Matthew Snyder is also, by any honest reading of the record, a product and a casualty of the system he is about to be prosecuted by.
He was homeless. The state of New Hampshire does not have enough shelter beds for its unsheltered, and did not have one for him. He was on probation from a prior drug offense, which means the state’s own supervisory apparatus had a regular, documented, structural relationship with him — and used it to do nothing upstream. He was living in a tent on state-owned rail land because the state permitted the tent to be there. He was living next to a methadone clinic whose funding, like every community behavioral health line item in New Hampshire, has been under sustained pressure for years.
Ten months before this arrest, Matthew Snyder was the victim of an armed robbery and shooting inside that tent, under the Water Street bridge. He nearly died. The state’s answer to that near-fatal event was to allow him to remain unhoused for ten more months, during which he relocated twice, first to the woods behind the methadone clinic, then to the encampment behind the 7-Eleven where he was eventually arrested. No housing intervention. No treatment intervention. No probation-officer-triggered re-entry plan. Nothing.

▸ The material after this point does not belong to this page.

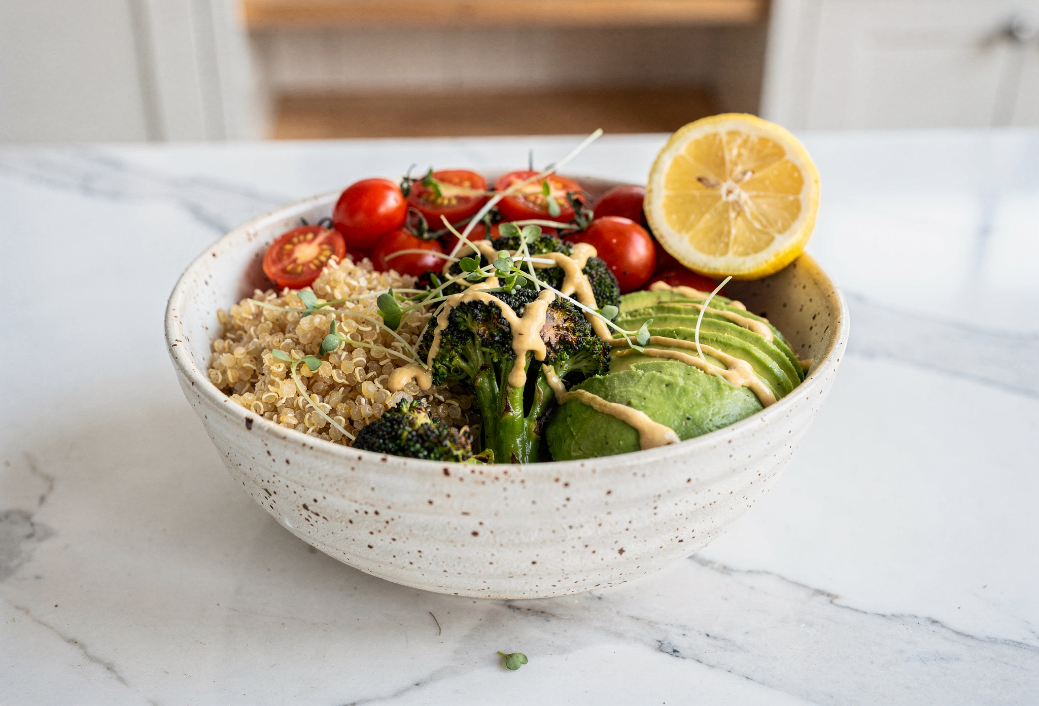 Taze sebzeli ve avokadolu renkli makro dengeli tahıl kasesi

If your probation officer, your housing policy, your shelter system, your methadone clinic, your community mental health center, your emergency department, and your state police all see you — together, for months, in the same tent — and the only agency that moves on you is the one with the warrant, you were not only a perpetrator. You were also the product. You were the predictable, statistically expected, fully foreseeable output of a system designed, funded, and run to produce exactly you.
Snyder made his own choices. He also lived inside a set of conditions the state of New Hampshire had curated for him and for several hundred people like him. Both of those sentences are true. The first does not cancel the second. A justice system that understands only the first and ignores the second is not a justice system. It is a sorting mechanism.

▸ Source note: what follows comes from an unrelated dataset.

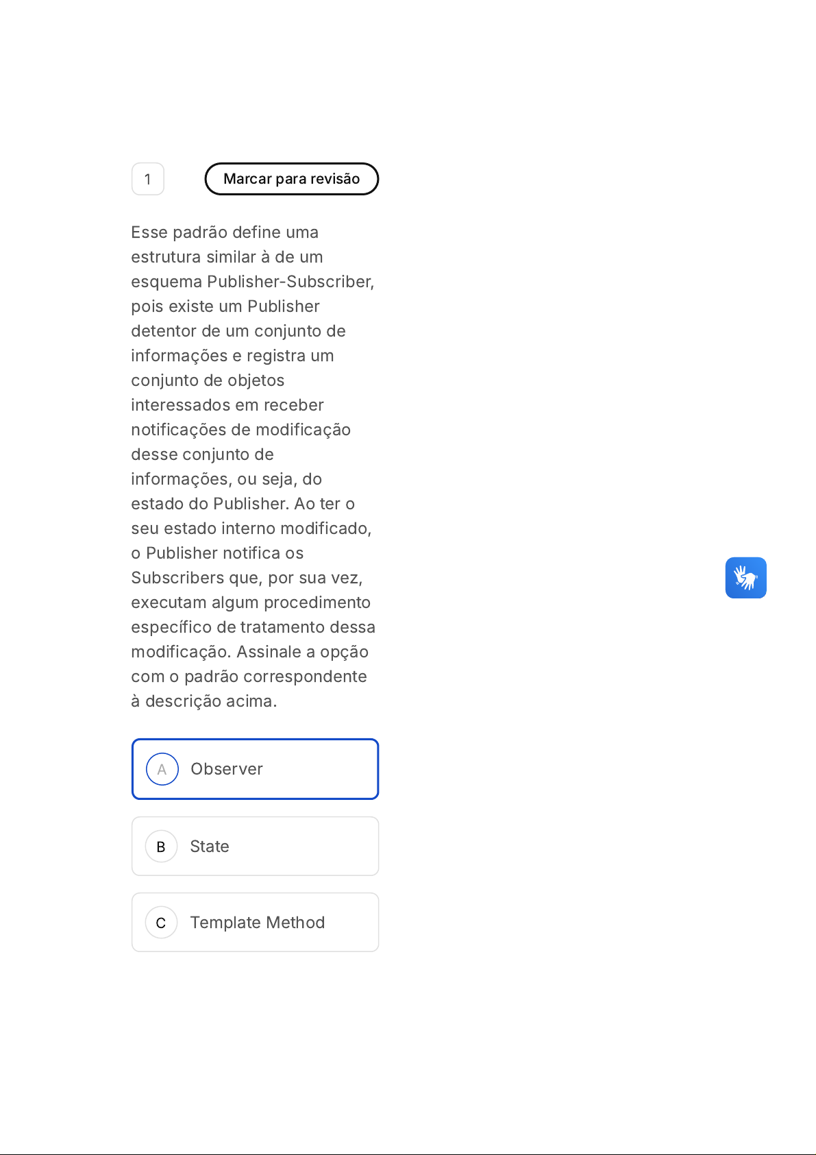 A B C 1 Marcar para revisão Esse padrão define uma estrutura similar à de um esquema Publisher-Subscriber, pois existe um Publisher detentor de um conjunto de informações e registra um conjunto de objetos interessados em receber notificações de modificação desse conjunto de informações, ou seja, do estado do Publisher. Ao ter o seu estado interno modificado, o Publisher notifica os Subscribers que, por sua vez, executam algum procedimento específico de tratamento dessa modificação. Assinale a opção com o padrão correspondente à descrição acima. Observer State Template Method D E A B C D E Strategy Visitor 2 Marcar para revisão "Esse padrão encapsula uma requisição em um objeto, desacoplando o requisitante e o objeto executor. Esse encapsulamento permite registrar o histórico de requisições, reproduzir essas requisições em outro ambiente, bem como implementar operações de desfazer ou refazer o processamento associado à requisição". Assinale a alternativa com o nome do padrão que possui esse propósito. Chain of Responsibility Command Mediator Iterator Template Method A B C D E 3 Marcar para revisão Você está desenvolvendo um sistema para acompanhar as cotações da bolsa de valores. As cotações podem ser acompanhadas na interface com usuário na forma textual (ticker da ação e o seu valor) e na forma de um gráfico de candlesticks, apresentando o histórico das cotações em um período do tempo. As duas formas de visualização devem estar em sincronia com as variações que ocorrem com o valor da cotação das ações. Assinale a alternativa com o nome do padrão que pode ser aplicado para resolver esse problema de sincronização de visualizações de um conjunto de informações com a sua fonte. Strategy State Iterator Observer Mediator A B C 4 Marcar para revisão "Na implementação de um processo complexo, um módulo A chama operações de um módulo B e de um módulo C. B, por sua vez, chama operações de C e de D. O módulo C chama operações de A e de E. O módulo D chama operações dos módulos B e C". Esse cenário ilustra uma interação entre objetos no estilo muitos para muitos. Para simplificar esse processo, define-se um objeto que centraliza todas as interações entre esses objetos, de modo que eles passam a se comunicar apenas com esse elemento central. Dessa forma, o elemento central X passa a receber uma notificação de A, para então chamar operações de B e C. Da mesma maneira, a partir de uma notificação enviada por B, X chama operações de C e de D. Essa descrição corresponde à estrutura de solução de qual padrão? Chain of Responsibility Strategy Visitor -- hora : -- min : -- seg Exibir Questão 5 de 10 Respondidas (10) Em branco (0) Finalizar prova 1 2 3 4 5 6 7 8 9 10 SM2 Padrões De Projetos De Software Com… D E A B C Template Method Mediator 5 Marcar para revisão Assinale a alternativa com uma afirmativa correta sobre o padrão GRASP Variações Protegidas. O padrão Variações Protegidas sugere proteger o sistema de variações concentrando a lógica dessas variações em um módulo controlador. O padrão Variações Protegidas sugere identificar pontos do sistema propensos a variações e isolá-los em um módulo com coesão lógica. O padrão Variações Protegidas sugere proteger o sistema de variações por meio de parâmetros definidos em uma classe com acesso global. D E A B O padrão Variações Protegidas sugere proteger as variações de algoritmos sensíveis por meio do uso de recursos de criptografia. O padrão Variações Protegidas sugere identificar pontos do sistema propensos a variações e isolá-los com a criação de interfaces no seu entorno. 6 Marcar para revisão Um módulo X escreve dados em uma tabela de um banco de dados relacional que é lida por um módulo Y. Se o desenvolvedor responsável pelo módulo X resolver mudar algo no esquema dessa tabela, será preciso avaliar o impacto dessa mudança em Y. Esse fato evidencia a existência de um acoplamento de que natureza entre os módulos X e Y? Acoplamento Global Acoplamento de Estrutura gabarito correto alexander.alves Realce C D E A B C Acoplamento de Dados Acoplamento Externo Acoplamento de Controle 7 Marcar para revisão Assinale a alternativa que apresenta os níveis de acoplamento entre módulos ordenados do mais baixo para o mais alto: Dados - Estrutura - Externo - Controle - Conteúdo - Global Dados - Controle - Estrutura - Externo - Conteúdo - Global Estrutura - Dados - Controle - Conteúdo - Global - Externo D E A B C Dados - Estrutura - Controle - Externo - Global - Conteúdo Estrutura - Dados - Controle - Global - Externo - Conteúdo 8 Marcar para revisão Uma mudança essencial no modelo de programação Java, com a evolução do JEE, foi o uso de anotações nas diversas tarefas de configuração dos EJBs do aplicativo. Para que serve a anotação Local no ambiente de criação de EJBs? Definir um Stateless Session Bean. Definir um contexto de persistência local para o Session Bean. Definir a interface de acesso às entidades do JPA. D E A B C D E Definir um Stateful Session Bean. Definir a interface de acesso local ao pool de EJBs. 9 Marcar para revisão A arquitetura MVC (Model, View e Controller) é utilizada de forma ampla na criação de sistemas cadastrais e caracteriza-se pela divisão do sistema em três camadas, com objetivos específicos. Considerando a divisão utilizada pelo MVC, a interface de usuário e o componente DAO estariam, respectivamente, nas camadas: View e Model. Controller e Model. View e Controller. Model e View. Model e Controller. A B C 10 Marcar para revisão Em uma aplicação corporativa Java EE seguindo a arquitetura MVC, as camadas são implementadas com tecnologias específicas: A camada Controller recebe requisições HTTP do usuário, coordena chamadas à camada de negócio e seleciona a View a ser exibida. A camada Model encapsula a lógica de negócio e pode interagir com

That is the context the Concord Police Department’s press release did not provide, and it is the context this column exists to supply.
A justice system that understands only one side of that ledger is not a justice system. It is a sorting mechanism.
The Math the State Would Prefer You Not Do
The New Hampshire Department of Corrections runs on an annual budget of roughly $128.3 million to hold a 2025 inmate population of approximately 1,970. Divide those two numbers. You get roughly $63,000 per inmate per year — and that figure does not include any of the county jail time, the DEA’s investigative cost, the Hillsborough County task force’s cost, the Concord detective’s eight months of hours, the court-appointed defense counsel, the prosecutor’s office, the judge’s time, the K-9 unit, the manhunt, or the cost of whoever is already filling Snyder’s spot at that corner before his indictment is transcribed.
Snyder is now charged as an armed career criminal with subsequent-offense drug sale counts. If he takes a twenty-year sentence — well within the sentencing range for those charges stacked — the taxpayer bill for warehousing him alone is approximately $1.26 million.
That is the floor.
Add the investigation. Add the courts. Add the appeals. Add the manhunt. Add the Uber.
$1.26 million is a generous understatement.
For that money, the state of New Hampshire could have housed Matthew Snyder in permanent supportive housing for sixty-three years at $20,000 a year, with a case worker and a substance abuse counselor, with money left for his dental work. It could have funded a dozen permanent-supportive-housing beds for a decade. It could have hired four additional community mental health clinicians for ten years. It could have done almost anything other than what it is about to do, which is pay the bill to keep him in a cage and — because New Hampshire’s own Department of Corrections reports a 40.2% three-year recidivism rate — pay it again when he comes out.
And the Drug Enforcement Administration — a federal agency whose formal mission is to dismantle international narcotics trafficking networks — devoted a share of eight months of American taxpayer resources to running controlled buys at a tent behind a Concord 7-Eleven. Not to interdict at a border. Not to dismantle a cartel. To set up a confidential informant for three hand-to-hand fentanyl purchases from a man living in a two-person nylon dome on state-owned rail land. Whatever the federal government believes the DEA is for, the Snyder case is not, by any generous reading, the best answer to that question.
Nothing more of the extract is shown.